If a bucket receives a request from a client for a record with key key, it executes the algorithm in Fig. 1 to determine whether the bucket itself should have the record or whether the request should be forwarded to another bucket [14]. In this algorithm, self.j is the level of the bucket and h is the hash function, which takes the level as its first parameter. The bucket address is a.

Fig. 1
figure 1

Competency check executed when a server with address a receives a message with key key. self.j is the bucket level

3.4 Client Image Adjustment

A client maintains a view of the file state \((i', n')\). If the client makes an address mistake and the requested record is found at bucket a, then bucket a sends an IAM with its level and address. The client executes the file state image adjustment algorithm given in Fig. 2.

Fig. 2
figure 2

Image update algorithm for the file state image at a client that receives an IAM message with bucket level j and bucket address a. The algorithm updates the local file state self.i and self.j

Knowing that a bucket exists does not imply that one knows the network address. We deal with this problem by maintaining a parallel, but much smaller LH\(*\) structure using the same buckets where we store network addresses. In addition, we assume that IAM messages contain address information of all servers involved. Each client maintains a table of buckets and their (last-known) locations.

3.5 Splitting and Merging Buckets

When a bucket overflows, it informs the split coordinator who causes the bucket pointed to by the split pointer to split. Let the current file state have level i and split pointer s. The coordinator creates a bucket \(2^i+s\) with level \(i+1\). It applies the hash function \(h_{j+1}\) (defined by \(h_{j+1}(x) = x \mod 2^{j+1}\)) to all the records in bucket s. Since the keys of these records have the same value modulo \(2^j\) and are assumed to be uniformly distributed, about half of the records in bucket s now belong to bucket \(2^i+s\) and are therefore moved there. Afterwards the global file state is updated according to the algorithm presented in Fig. 3.

Fig. 3
figure 3

The global file state self.split, self.level is updated after a split to represent the additional bucket

The resulting sequence of splits is 0, then 0, 1, then 0, 1, 2, 3, then \(0, 1, 2, \ldots 7\) and so on, running through all bucket numbers from 0 (included) until \(2^i-1\) where i is the current level (Fig. 4).

Fig. 4
figure 4

Development of a growing LH* file

When a buckets underflows and reports this to the split coordinator, then the coordinator will start a merge operation. A merge operation always merges the bucket with the largest bucket number with the bucket from which it was last split. To be more precise, assume that the current file state has level i and split pointer s and accordingly \(N = 2^i+s\) buckets. The coordinator sends a message to bucket \(N-1\) telling it to merge with its direct ancestor. We calculate the address of the direct ancestor by “rolling back” the file state changes by a split operation moving the system from \(N-1\) to N buckets with the algorithm given in Fig. 5.

Fig. 5
figure 5

Algorithm to calculate the address of the predecessor, i.e. the bucket that was split in order to generate the current bucket

The critical step in this algorithm treats the case where the change from \(N-1\) to N has changed the level. In this case, the split pointer is now 0 and we need to reset the level and calculate the previous split pointer.

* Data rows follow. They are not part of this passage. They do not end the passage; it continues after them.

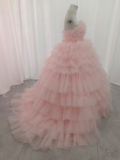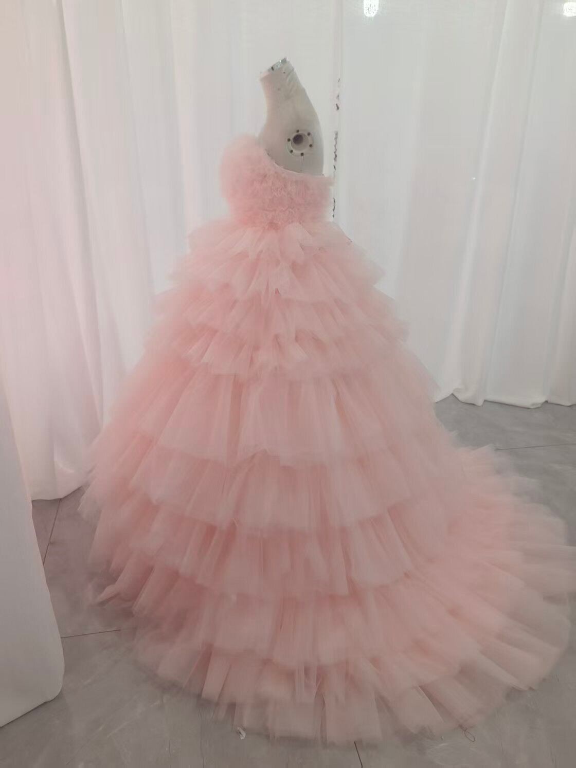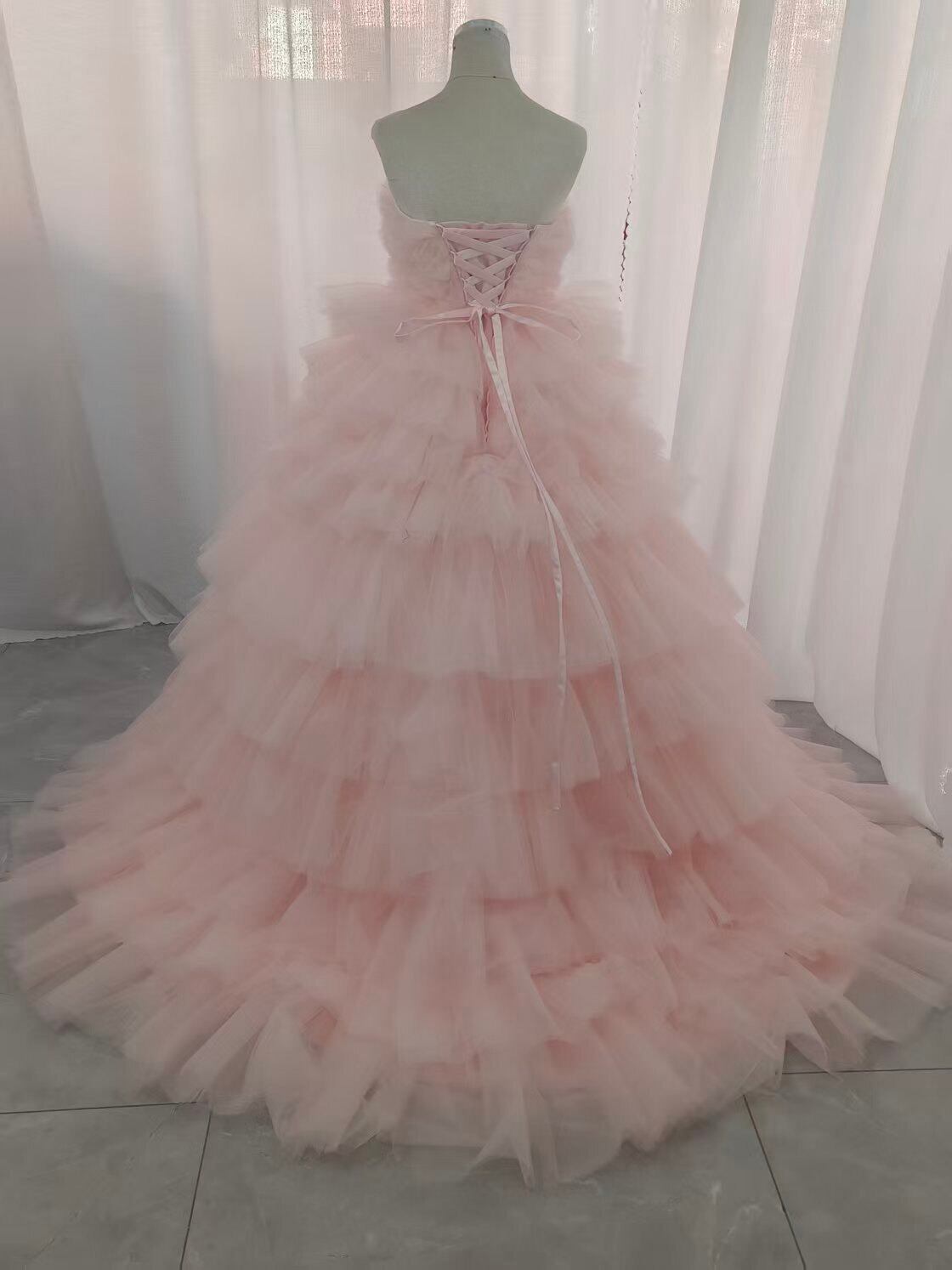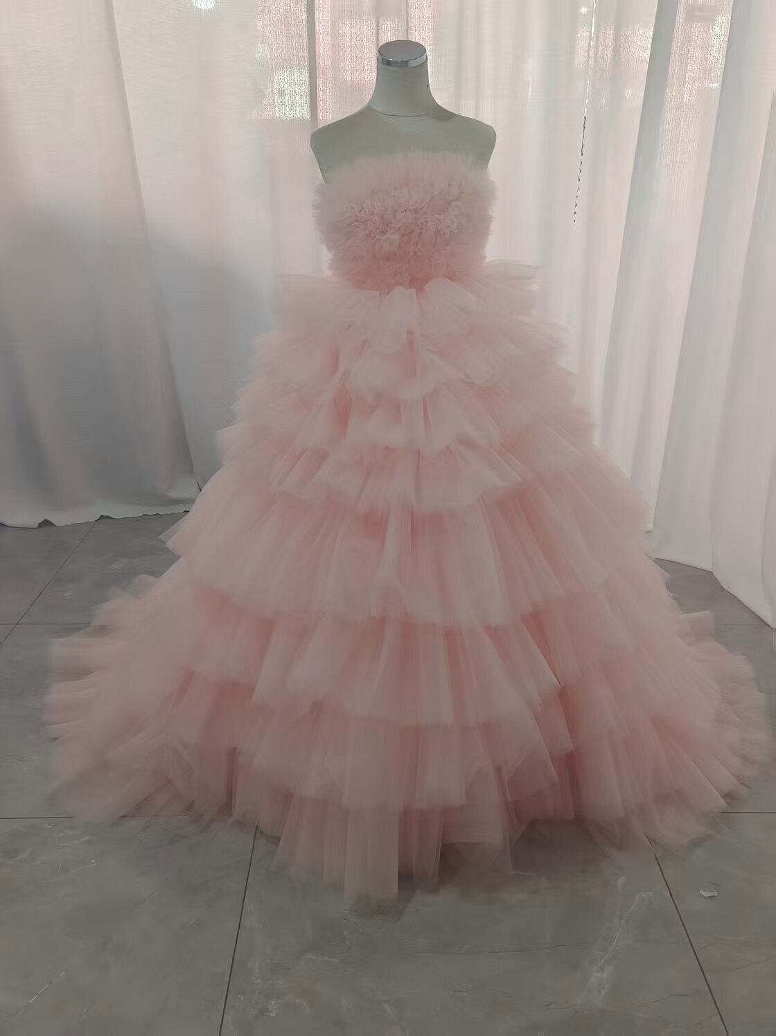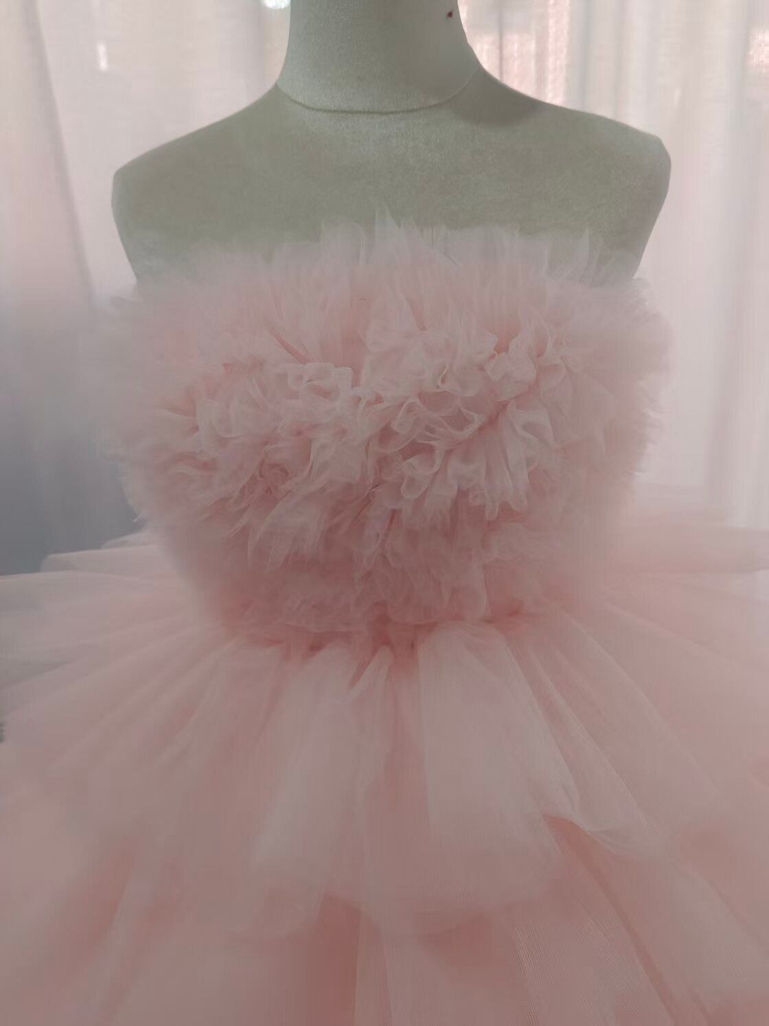 カラードレス ピンク フレアスカート 柔らかく重ねたチュールスカート ベアトップ 結婚式
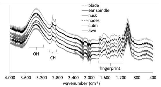 Infrared spectra of different plant parts of wheat straw (8 repl. each). Spectra are shifted on the vertical axis; legend sequence corresponds to the shifted spectra sequence. Broad bands of OH and CH functional groups are indicated, as well as the fingerprint region.
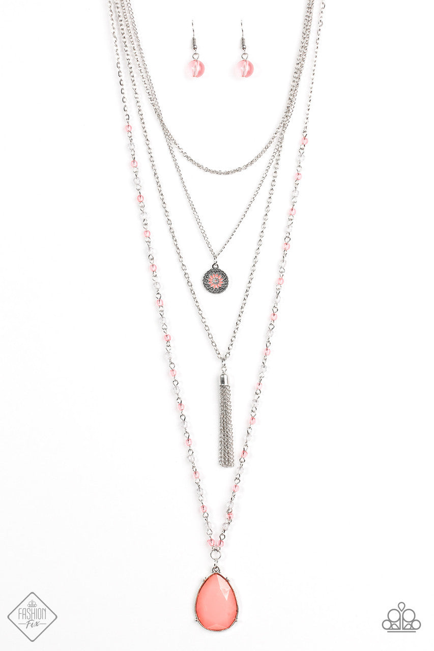 Varying in shape and cut, four shimmery silver chains layer down the chest. Painted in refreshing Peach Echo detail, a dainty floral frame gives way to a shimmery silver tassel and a dramatic Peach Echo teardrop. Smoky and shimmery Peach Echo crystal-like beads are sprinkled along the lowermost chain for a whimsical finish. Features an adjustable clasp closure.
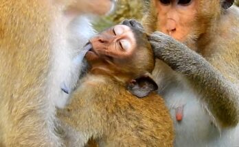 Oh God—what began as a quiet morning suddenly turned into a desperate rescue when an old mama monkey became dangerously stuck. Her movements were slow, her breathing heavy, and panic …
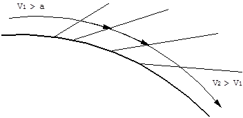 Из рассмотрения физической природы возникновения скачков уплотнения вытекает утверждение о невозможности образования скачка разрежения, так как при обтекании сверхзвуковым потоком выпуклой поверхности (рис.1.87), т.е. при его расширении, когда по потоку скорость возрастает, а давление падает, характеристики, исходящие от поверхности, не пересекаются, а расходятся веером (V
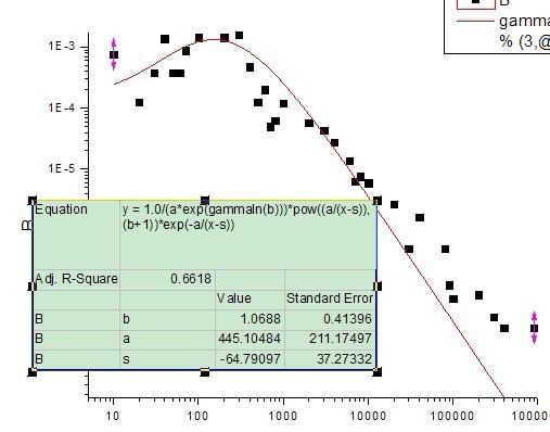 这是我编写的,不知道对不对啊。y = 1.0/(a*exp(gammaln(b)))*pow((a/(x-s)),(b+1))*exp(-a/(x-s))
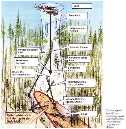 | Lastaufnahmeort: Lage des Holzes, Holzschlagverhältnisse, Arbeitsplätze, Zugangswege, Gefahrenstellen, Arbeitsbeginn und Arbeitsrichtung, Anflug, Wenden, Abflug |
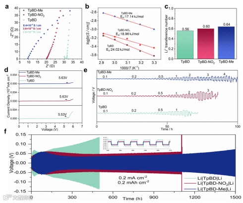 Fig. 3. Electrochemical impedance spectrum at 303K of TpBD-Me, TpBD-NO2 and TpBD (a). Calculation of ion mobility energy by measuring variable temperature impedance of TpBD-Me, TpBD-NO2 and TpBD (b). Li+ migration number of TpBD-Me, TpBD-NO2 and TpBD (c). Electrochemical window of TpBD-Me, TpBD-NO2 and TpBD (d). Critical current density for Li| COFs SSE |Li (e). Galvanostatic performance of symmetric Li batteries with TpBD-Me, TpBD-NO2 and TpBD at 0.2 mA cm–2, insets: enlarged voltage profiles for different times (f).
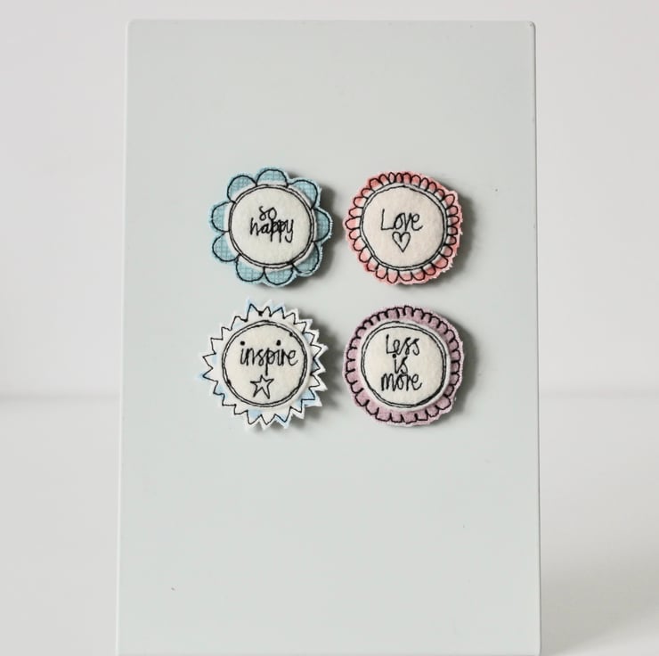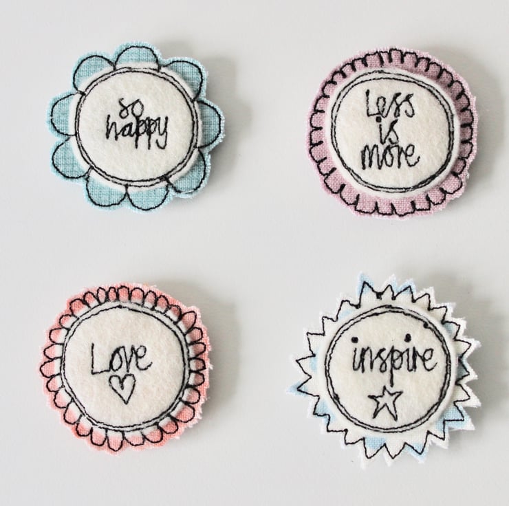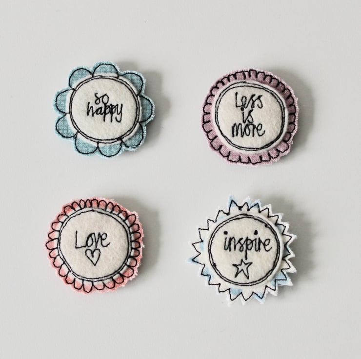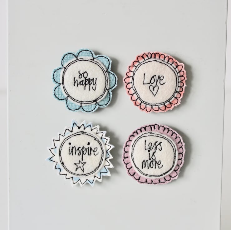 Each magnet is created using multiple layers of cloth, sewn using freehand machine embroidery and then cut out by hand. The magnet on the back is attached with hot glue.
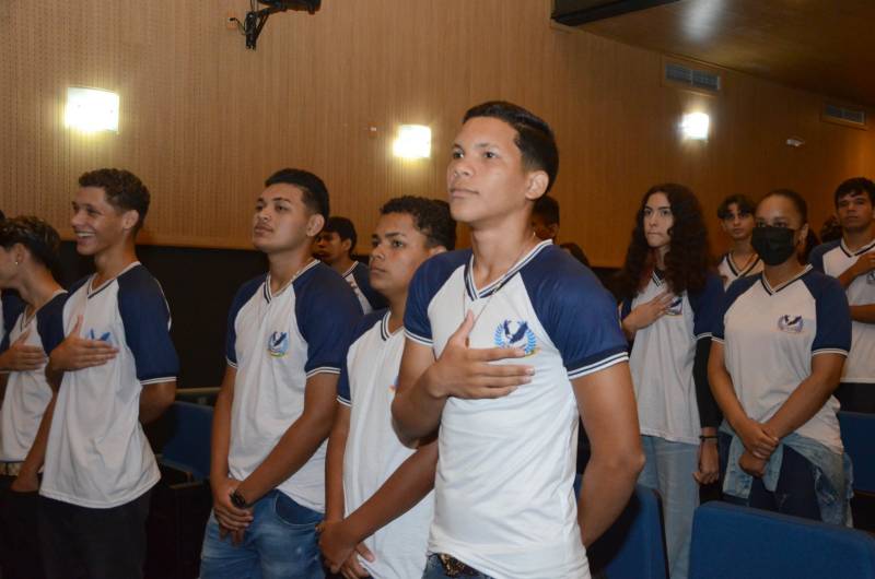Alunos das três séries do ensino médio público acompanham a execução do hino nacional no evento do ’Estágio Cidadão’ Durante o encontro, os alunos da escola Palmira Gabriel, Ruth dos Santos Almeida, Maria Gabriela Ramos de Oliveira e Raimundo Martins Viana, puderam conhecer sobre o programa e tirar algumas dúvidas sobre a oportunidade de ingresso ao estágio. Para Geovanna Santos, aluna do 2° ano, o programa vai ajudar a entender a profissão de cada candidato.
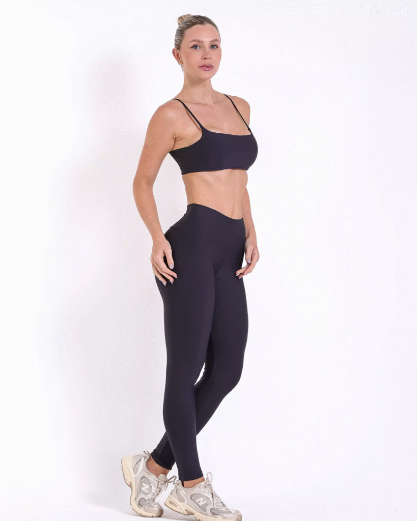 A modelo está usando o Conjunto Calça Legging Básica Light + Top Ju
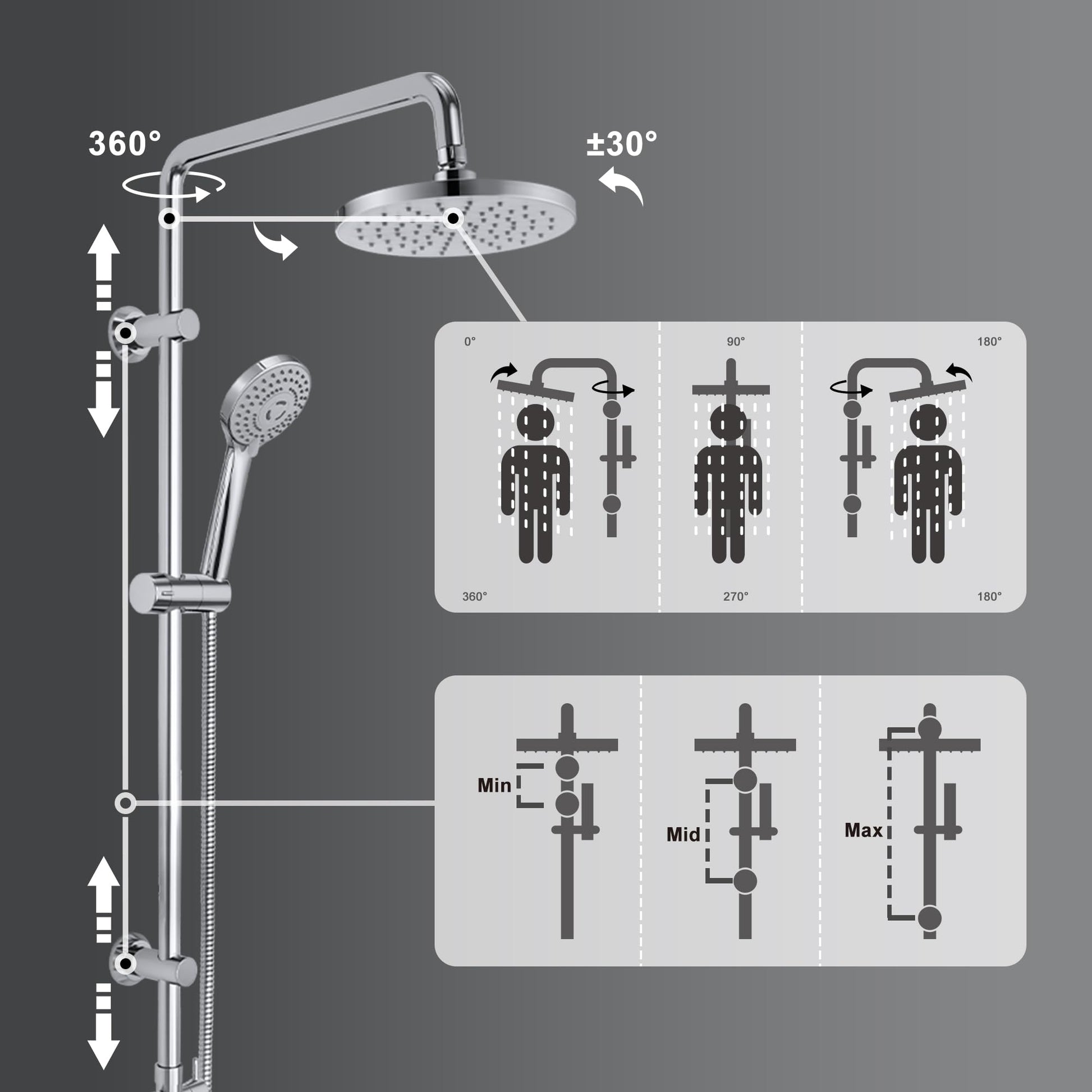 JOHO Stainless Steel Shower System Shower Set Shower Rod Rain Shower Set with ABS Shower Head D20cm

If buckets have vanished through merging, a client can wrongly send a request to the corresponding server. In LH\(*\), the server just sends an error message to the client who decrements the split pointer and recalculates the address. Under many circumstances, an LH\(*\) file does not shrink in the long run and the merge operation becomes unnecessary.

3.6 Example

We illustrate the development of an LH\(*\) file from one to six buckets in Fig. 4. Assume a client with an out-of-date file state of \(i=0\) and \(s=0\) that wants to retrieve record with ID \(c=101000101_b\) in the last state. The client uses the hash function \(h_0\) which always returns 0 and accordingly sends the request to Bucket 0. There, the bucket checks the request using the algorithm in Fig. 1. Since the bucket has \(j=3\), it applies \(h_3\) to obtain \(a'=101_b=5\). Accordingly, it calculates \(a''=h_2(c)=1\) and returns 1. Therefore, the request is send to Bucket 1. That bucket has \(j=3\), sets \(a'=5\) and \(a''=1\), but returns \(a'=5.\) This is the correct bucket. The bucket sends an Image Adjustment Message to the client that changes its state to \(s=2\) and \(i=2\).

This example illustrates how LH\(*\) uses local knowledge. The client only “knew” of Bucket 0. Bucket 0 knew when it was last split (in order to create Bucket 4, but did not know whether Bucket 1 was already split in order to generate Bucket 5. Therefore, it only forwarded to Bucket 1. Bucket 1 however knew about Bucket 5 because it was generated by splitting it.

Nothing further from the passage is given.